Pra que suar tanto? O tempo de trabalho no século XXI é o mais longo da história
O tempo de trabalho no século XXI é o mais longo da história. A despeito do avanço tecnológico, da modernidade, dos ganhos de produtividade e do estágio atual da ciência, nunca se trabalhou tanto. Desafia-se a letra da lei em todo o mundo, com cargas diárias de 16, 18 horas. O trabalhador de hoje deveria ter inveja da jornada comum nos primórdios do capitalismo. A reportagem é de Jorge Félix e publicada pelo jornal Valor, 17-08-2007.

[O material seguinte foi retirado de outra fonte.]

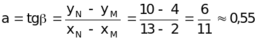 На рис. 10 приведена иллюстрация этого метода. Точки - результаты, полученные в эксперименте. Прямая проведена на глаз как можно ближе к экспериментальным точкам. На прямой выбраны точки М (2; 4) и N (13; 10). Коэффициент а характеризует угол наклона прямой.

O aquecimento global, novas doenças e até mesmo - ou principalmente - a violência urbana passaram a constar da lista de desdobramentos da legitimação do trabalho intensificado. O assunto é debatido em países como França, Venezuela e Estados Unidos, nos quais a jornada vai de 35 a 39 horas por semana. No Brasil, onde foram necessários 50 anos para se chegar à jornada de 44 horas, pesquisadores e sindicalistas conduzem a discussão sob várias óticas. Afinal, é possível trabalhar menos?
O tempo de trabalho é o conceito básico da economia, tradicionalmente. Uma coisa só tem valor de acordo com a quantidade de suor humano despendido para sua produção. Dito assim, a teoria pode insinuar uma falsa simplicidade. Desde os fisiocratas, no século XVIII, há polêmica em torno da geração de riqueza. François Quesnay acreditava que apenas o tempo do trabalho agrícola deveria ser considerado, pois a indústria e o comércio atuariam de maneira "estéril". Adam Smith cravou sua bandeira na teoria do valor-trabalho. Uma mercadoria valeria, para ele, o tanto de trabalho ali "contido". David Ricardo defendeu o montante de tempo de trabalho "demandado" para a produção. Karl Marx sentenciou que o valor é a "quantidade de trabalho socialmente necessário".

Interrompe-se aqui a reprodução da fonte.